In this way, you aren’t necessarily molding your terrain around your buildings, but you have set out some goals that you will design towards. For example, you may now know that you will have 3 buildings, a bunch of trees, some fencing, telegraph poles, and rocks in a valley area so you need to plan around that AMOUNT of detail, not the exact placement of the detail, as such.

In real life, buildings and terrain share different relationships. Most often, the terrain dictates where buildings and roads will lie. A road might have to flow around a mountain side or a river. With modern machinery, man is able to push dirt aside to lay down roads or dig roadside ditches, basements, etc. So on the large scale, terrain dictates buildings and on the small scale, buildings dicate the surrounding dirt :stuck_out_tongue:


(Frankesk) #14

a) you can add/remove/edit whatever you want from Radiant once you’ve exported the terrain from EasyGen to a Radiant map file. But… you must be very careful when you do a group/regroup of the terrain entity. if you destroy the entity I think you will lose the keys (“terrain”, “shader”, “alphamap”, …) because they point to resources (files or shader names) that are needed by q3mapx to compile the terrain entity.

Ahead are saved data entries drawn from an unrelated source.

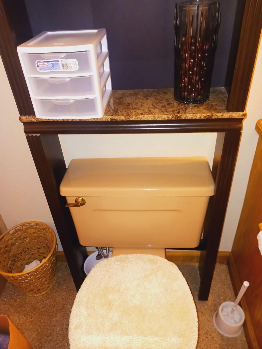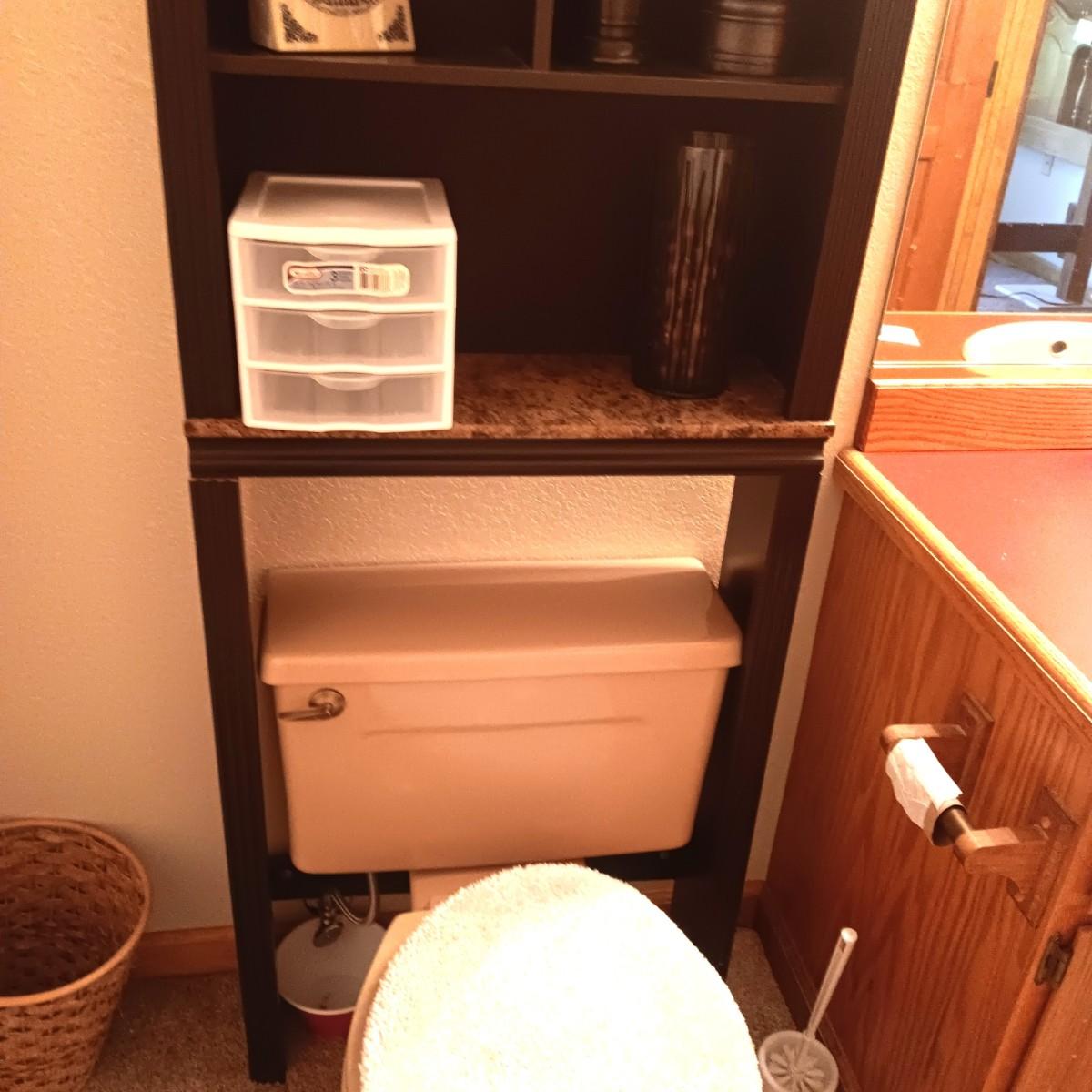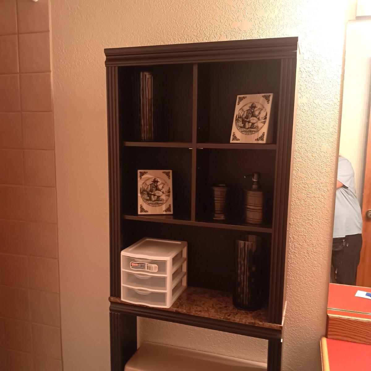 OVER THE TOILET SHELF, BATHROOM ITEMS AND ALASKA ART
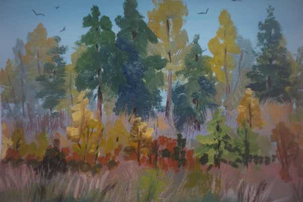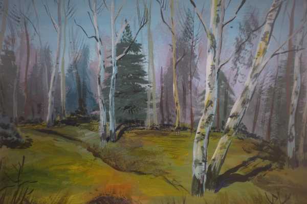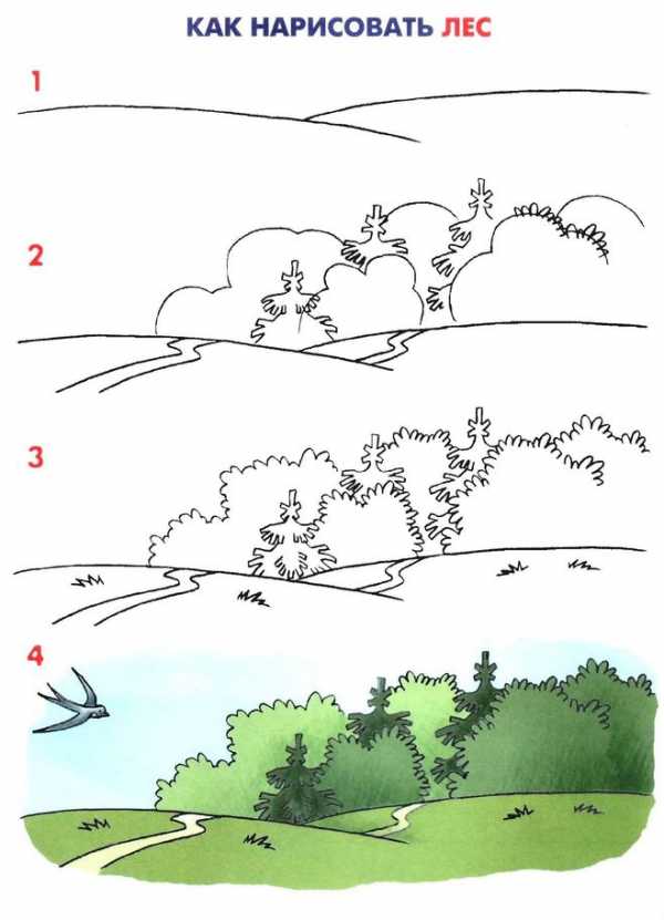 Можно для начала поучиться рисовать отдельно деревья, и потом уже воссоединить различные деревья в единый рисунок. Вот например, поэтапное рисование берзы:
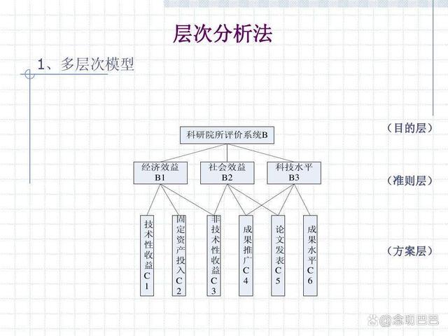 當(dāng)我們面對一個問題進(jìn)行決策時,首先要分析解決這個問題的各個決定因素,并把他們梳理,建立成一定的層次結(jié)構(gòu)體系。也就是需要將決策的目標(biāo),考慮的因素和決策對象分為目標(biāo)層,準(zhǔn)則層和方案層,通過層次分析,決定方案的決策次序。
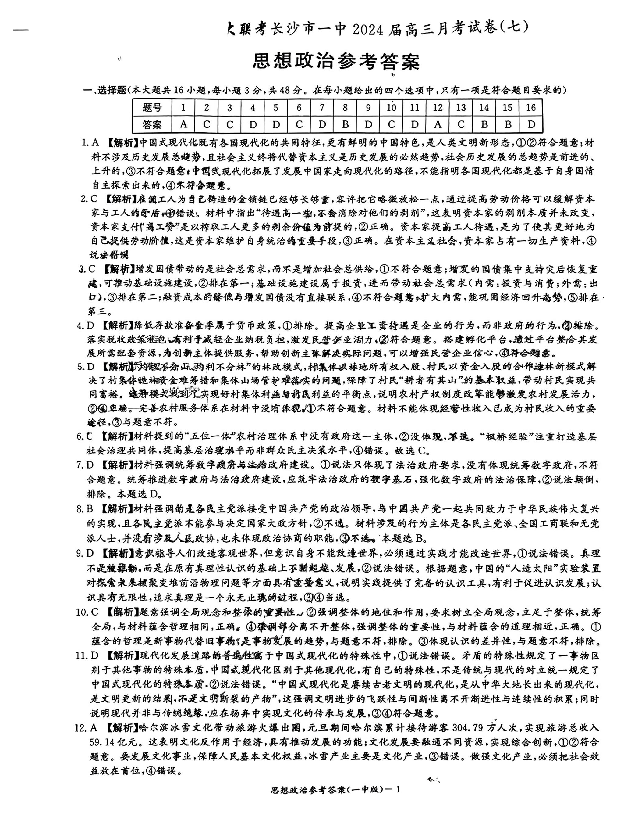 湖南省长沙市第一中学2024届高三下学期月考(七)政治答案
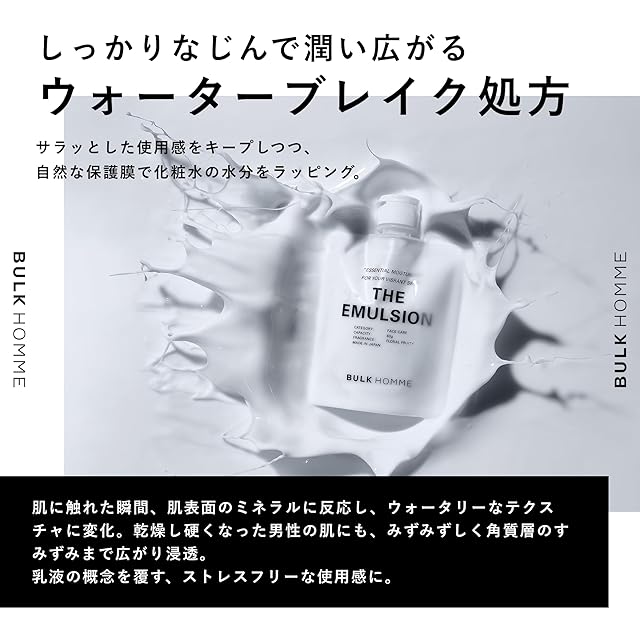 【洗顔】生石けんから生まれる濃密泡のクッションが洗顔時の摩擦刺激を防ぎ、保湿成分が肌の潤いを守りながら皮脂や毛穴の汚れまで吸着洗浄。スッキリした洗い心地とつっぱりにくい後肌感の両方を備えた洗顔料。THE BUBBLE NET(泡立てネット)をご使用頂くことでより濃密な泡洗顔が実現できます。 【化粧水】肌の角質層を潤沢な潤いで満たし、今の肌と未来の肌に同時にアプローチする、美容液仕立ての薬用化粧水。凝縮した保湿成分と肌に必要な水分・油分を”ナノバリア処方”で角質層まで素早く浸透してリッチに保湿し、ベタつきを残さずに深い潤いを実感できます。 【乳液】肌に触れた瞬間、ウォータリーなテクスチャーに変化する”ウォーターブレイク処方”で、ベタつきにくい自然な保湿膜を形成し、敏感になりがちな素肌を守る高保湿乳液。肌のベースを整える美容成分※が肌のバリア機能をサポートし、肌トラブルや年齢に負けない、柔軟でハリのある潤い溢れる肌に導きます。 【男性に特化した開発】肌荒れ、乾燥、テカリ、髭剃り負けなどの「今の悩み」と「将来の肌ためのメンテナンス」の両方にアプローチできるケアを目指して、年齢や肌質を問わず使い続けることのできる機能と効果実感を追求しました。 【製品について】肌を保湿して乾燥によるトラブルを防ぐ「8種類の天然由来の美容成分」や肌が本来持つ力を高める「トリプルサッカライド」を配合。10つのフリー「エタノールフリー、パラベンフリー、鉱物油フリー、合成着色料フリー、石油系界面活性剤フリー、紫外線吸収剤フリー、シリコンフリー、石油系油剤フリー、サルフェートフリー、マイクロプラスチックビーズフリー」
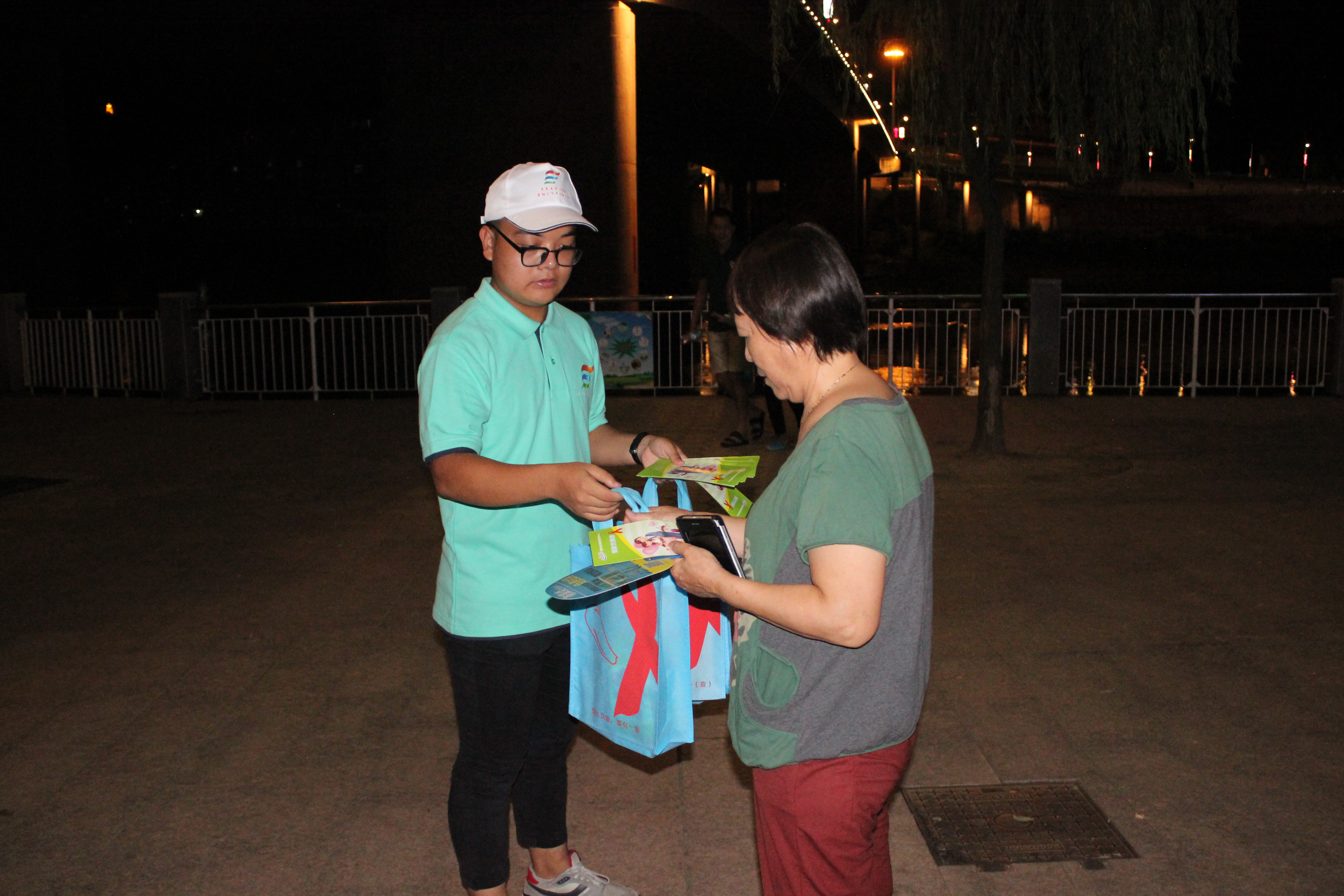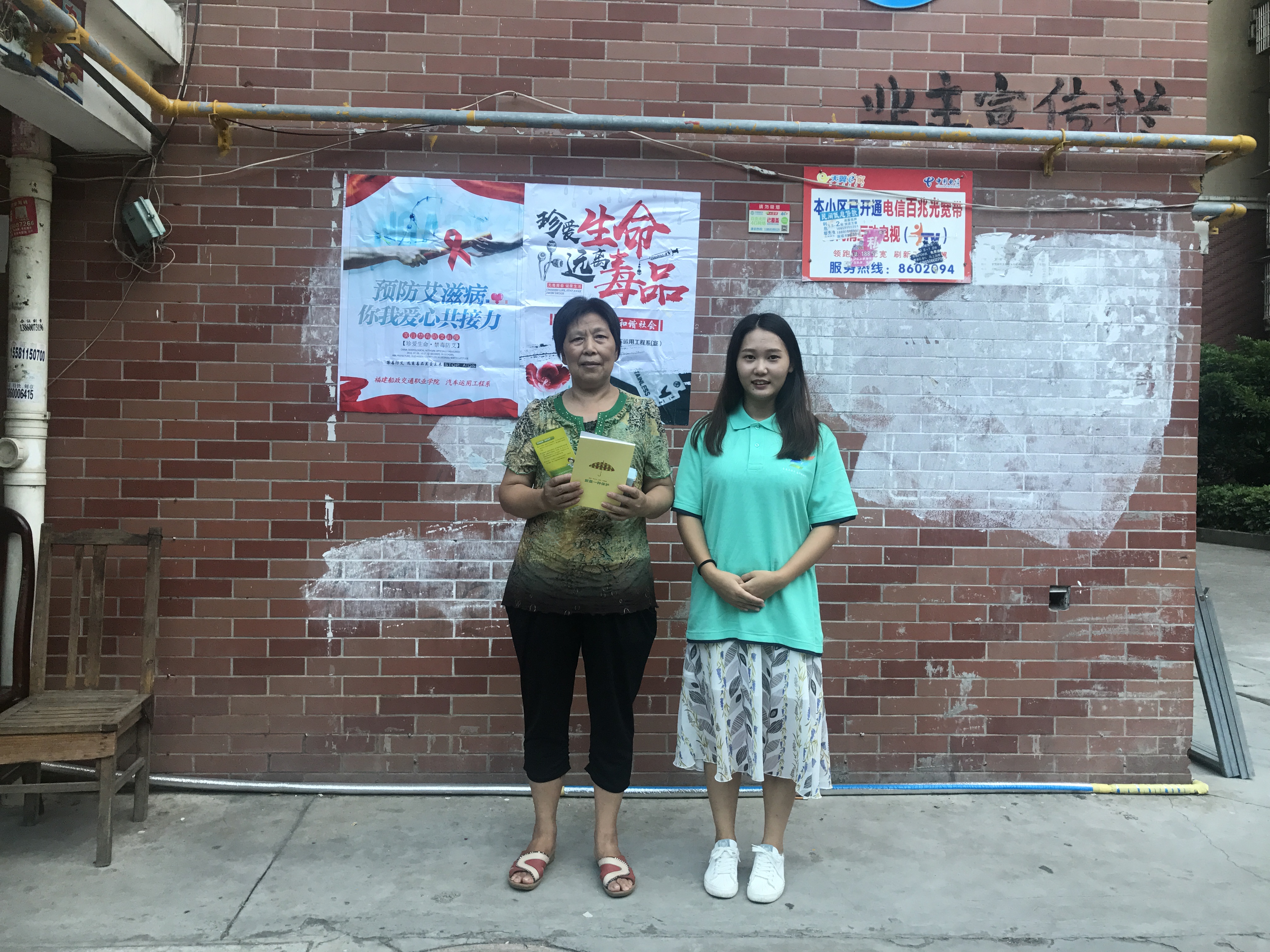 7月9日當(dāng)天并同南平市疾病控制中心的科研室主任和數(shù)位醫(yī)師及我們實(shí)踐隊(duì)領(lǐng)隊(duì)沈曉家老師以及實(shí)踐團(tuán)的師生進(jìn)行多點(diǎn)宣傳。在疾控中心醫(yī)師的防艾知識普及下,我們得知南平市艾滋發(fā)病率多在40歲以上的中老年人,我系宣傳隊(duì)根據(jù)這一特點(diǎn),選擇下午到傍晚在中老年人活動的密集區(qū)的公園、社區(qū)開展禁毒防艾的宣傳活動。

To make it short, as usual, if you want to use EasyGen you should give a read at leats once at the terrain manual to understand how the terrain engine works.

If you only want to raise/lower a vertex there are no problems. If you want to remove a brush there are no problems. if you want to add a brush someone else can help you because they know more tricks than me :wink:

b) you may want to do all the work from EasyGen (file->save to save your project and re-opne it later… just as any other program does) and then every time you modify something you delete the terrain entity from the map file you’re working on and re-export into it from EasyGen the newly modified terrain.